Guardian Australia recently reported on another incident in which the City of Sydney warned the Cricketer’s Arms pub in Surry Hills that an outdoor chair had been moved 80 centimetres beyond where it ought to be.
Again, there are two sides. The City says the chairs were blocking the narrow footpath. Thank god we’ve got local government to sort this out. Be grateful for your outdoor dining, but don’t you dare sit beyond your permitted pen or we’ll set the compliance officers onto you.
Even in the inner west, which is trying to establish itself as Sydney’s premier home of arts, culture and fun, change is incremental. Last week, the council agreed to make permanent its Enmore Road special entertainment precinct, which among other things allows venues to stay open half an hour longer – yes, half an hour – if they program live music or performance.

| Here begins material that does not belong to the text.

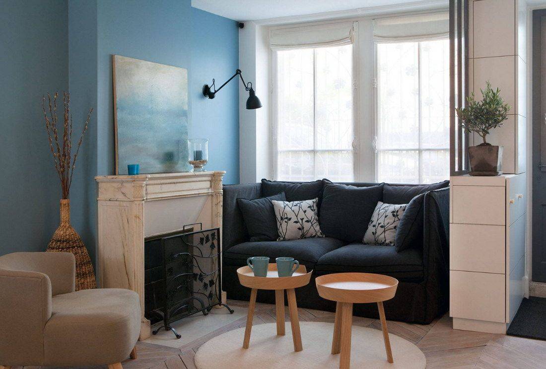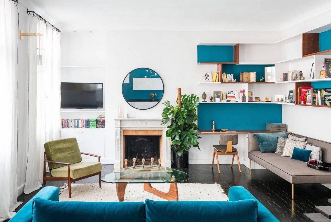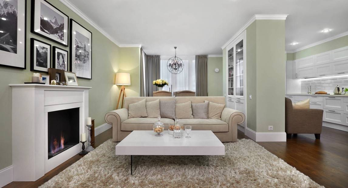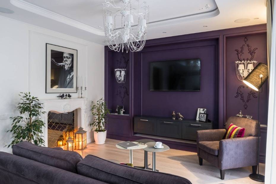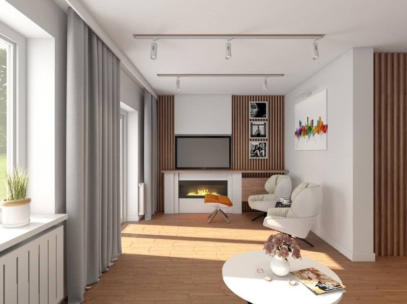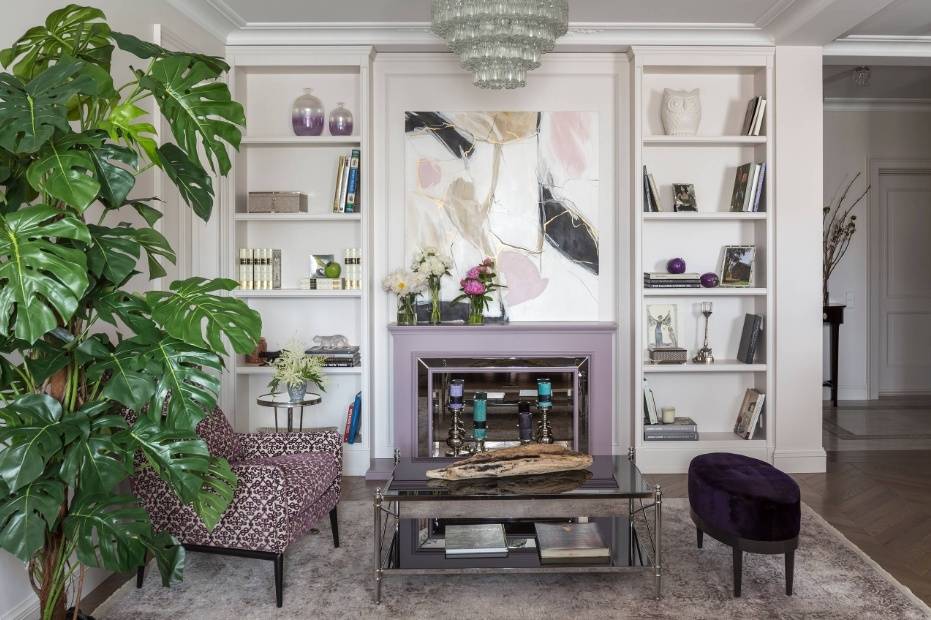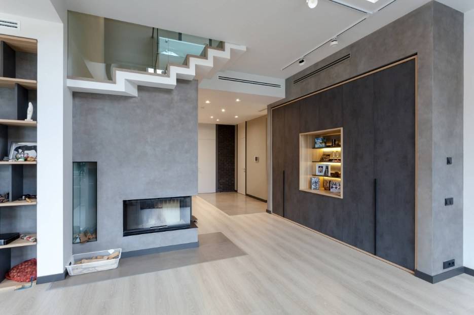 Интерьер гостиной с камином в квартире

One doesn’t wish to be too cynical about it because at least they’re trying. But at the end of the day, 30 minutes is only 30 minutes. “That’s more or less what we all said when it was announced,” Duke of Enmore hotel owner James Thorpe told me. “But we’ll take anything; you start with baby steps.”

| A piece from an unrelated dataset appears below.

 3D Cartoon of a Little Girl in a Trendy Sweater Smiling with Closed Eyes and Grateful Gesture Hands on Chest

Make no mistake, it is a good thing that so many politicians at all levels now recognise Sydney’s struggle with noise, nightlife and live music as a problem. The corollary is they all want credit for fixing it. There’s political capital to be gained. But that means two things. They typically only want to advance their idea or program, and they’re not that interested in one of the key things that would make a real difference: getting out of the way.

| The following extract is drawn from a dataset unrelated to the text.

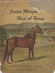 Justin Morgan Had a Horse is an American children's historical novel by Marguerite Henry, illustrated by Wesley Dennis and published by Wilcox & Follett of Chicago in 1945.[1] It concerns the real figures of Justin Morgan and his bay stallion Figure, who lived in Vermont in the late eighteenth century.[2] It was a runner-up for the Newbery Medal in 1946.[3]

You can’t cut a ribbon on getting out of the way. You can’t include a picture of it in your emailed newsletter or your book of achievements. In a civic society that so often looks to government for solutions, it’s harder (though not impossible) to present “less government” as the answer.
Last week, the music industry banded together to launch a pre-election campaign comparing the major parties’ music policies. It noted Labor, the Greens and many independents supported the industry’s call for a $100 million investment, but the Liberals and Nationals have, so far, not.
The Vote Music campaign’s three major asks are a contemporary music office to lead a 10-year strategy, significant investment in skills and industry, and infrastructure such as a new Sydney Entertainment Centre in the inner city.
The campaign has big backers – APRA/AMCOS, ARIA, MusicNSW and the Australian Festival Association, among others – as well as the likes of Moshtix, Live Nation and Century Venues.
Sceptical though I am about the idea of “government-driven music development”, as the policy statement puts it, there’s no doubt that if the next parliament acts seriously on the Vote Music agenda, it will go a long way toward repairing some of our problems.
But it can’t just be about money sloshing around a few established players. There has to be a wholesale shift in people’s attitudes in favour of liberty and permissiveness, and it has to flow right down to the cop on the beat and the council ranger in the street.
It’s no good having, as we’ve had for a while now, politicians bleating about nightlife, live music and a 24-hour city while, lower down the chain, the system makes it next to impossible to enjoy by policing every little by-law and regulation like it’s wartime.
Until Sydney’s zeitgeist is realigned toward fun and not NIMBY neighbours, we’ll still struggle.